BOONE, Iowa – Democratic presidential candidate Andrew Yang spoke to over 100 voters in a packed back room at La Caretta Mexican Restaurant. The stop was part of a final swing through Iowa over the weekend before Monday’s caucus that included stops in Fort Dodge, Carroll, Des Moines, Ames, Mason City, Cresco, Decorah, and Waterloo. Yang has held events in Iowa every day since January 18.

He is considered a long-shot candidate whose poll average is 3.8 percent in Iowa and 4.7 percent nationally.

“Now I am not running as a professional politician. I am running for president as an entrepreneur and problem solver who has been trying to get us to understand a challenge or problem that we have been wrestling for the last several years as a country,” Yang said.

He had the crowd shout out reasons they have heard as to why President Donald Trump won in 2016. The audience shouted things like racism, Russia, sexism, the FBI, Facebook, DNC, and Hillary Clinton.

“Boone, I am a numbers guy and the numbers tell us why Donald Trump is president today. We eliminated four million manufacturing jobs over the last number of years in this country,” Yang stated.

He pointed out that these jobs were in states like Michigan, Ohio, Wisconsin, Pennsylvania, Missouri, and then noted there were 40,000 manufacturing jobs lost in Iowa prior to 2016.

“I have been to those towns that lost those jobs. And when the plant closed then the shopping district closed, then people left, then the school shrank, and that town has never recovered,” Yang added.

He said he saw the same thing play out in other states and noted he spent the last seven years running a non-profit that helped created jobs in states that lost manufacturing jobs.

Yang said what happened to manufacturing jobs is shifting to other sectors of the economy.
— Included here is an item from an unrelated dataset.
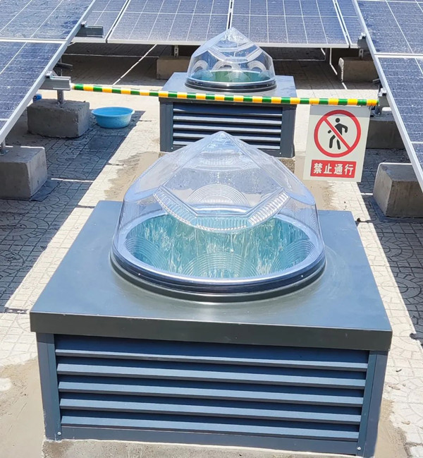 夜间模式:白天光线直接引入的同时,由光伏板同步发电,所发的电能留到晚上给室内进行照明。

He pointed out how online retailers like Amazon has hurt brick and mortar stores and that one of the most common jobs in the United States is a retail clerk.

He pointed out how AI technology will lead to the loss of call center jobs, and automation will eliminate the need for truck drivers.
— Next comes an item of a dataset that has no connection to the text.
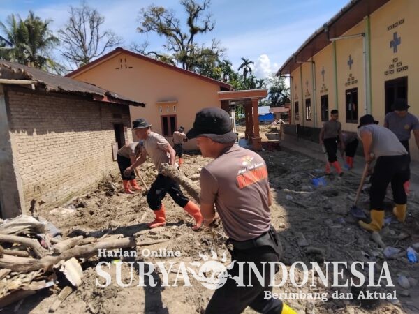 Tapanuli Selatan, Surya Indonesia.net — Personel Batalyon C Satuan Brimob Polda Sumatera Utara terus melanjutkan upaya pemulihan pascabencana banjir bandang di Kecamatan Batang Toru, Kabupaten Tapanuli Selatan. Pada Kamis pagi (15/1/2026), personel Brimob kembali diterjunkan untuk melakukan pembersihan rumah warga yang terdampak material pasir, kayu, dan batu, sekaligus pembangunan fasilitas MCK di rumah ibadah.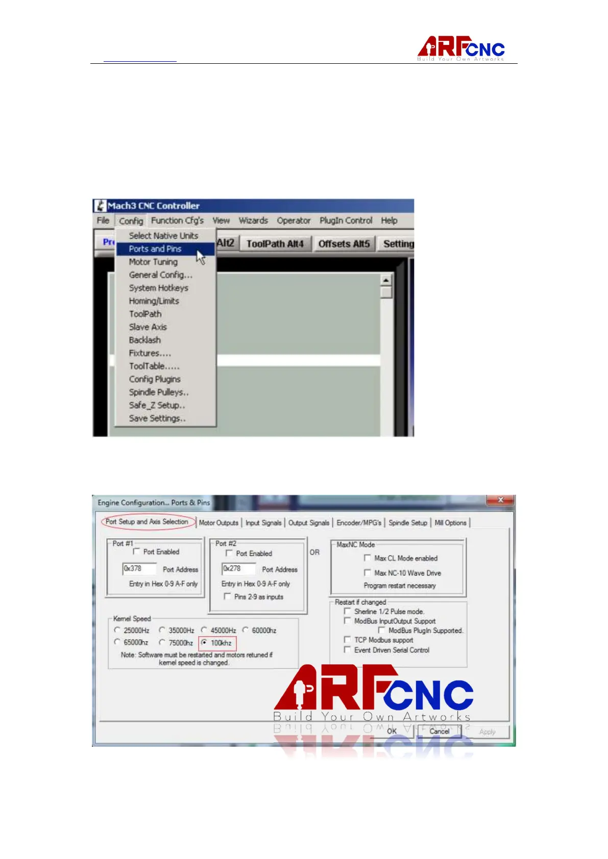 ARF CNC 6040 - Machine Settings; Port Setup and Axis Selection

“The robot trucks are coming. What will they mean for the three-and-a-half truck drivers in our communities or the seven million plus Americans who work at truck stops?” Yang asked.

“We are going through the greatest economic and technological transformation in our country. What experts are calling the fourth industrial revolution,” he added.
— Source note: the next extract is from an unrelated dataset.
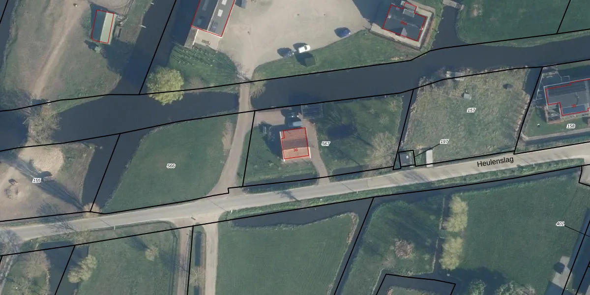 Heulenslag 36 is gelegen op kadastraal perceel BKG00D567. Deze kadastrale aanduiding is uniek en wordt gebruikt door het Kadaster om eigendomsrechten en andere zakelijke rechten vast te leggen. Het perceel maakt onderdeel uit van de kadastrale gemeente Bleskensgraaf.

Yang noted that it’s likely voters have never heard a politician talk about this. (Note: Outside of U.S. Senator Ben Sasse, R-Neb., Yang is the only other politician this writer has heard talk about this economic shift.)

He noted in 2016 he saw a trend between voting for Trump in areas where jobs were lost due to industrial automation and said the trends are only going to “pick up steam.”

“The technology is getting smarter, more capable, and faster in ways that we are not,” Yang noted.

“We have to start addressing the real challenges before us that are ripping holes in our economy. That have caused people to be pushed to the side,” he said.

Yang said immigrants are being scapegoated for problem they had nothing to do with.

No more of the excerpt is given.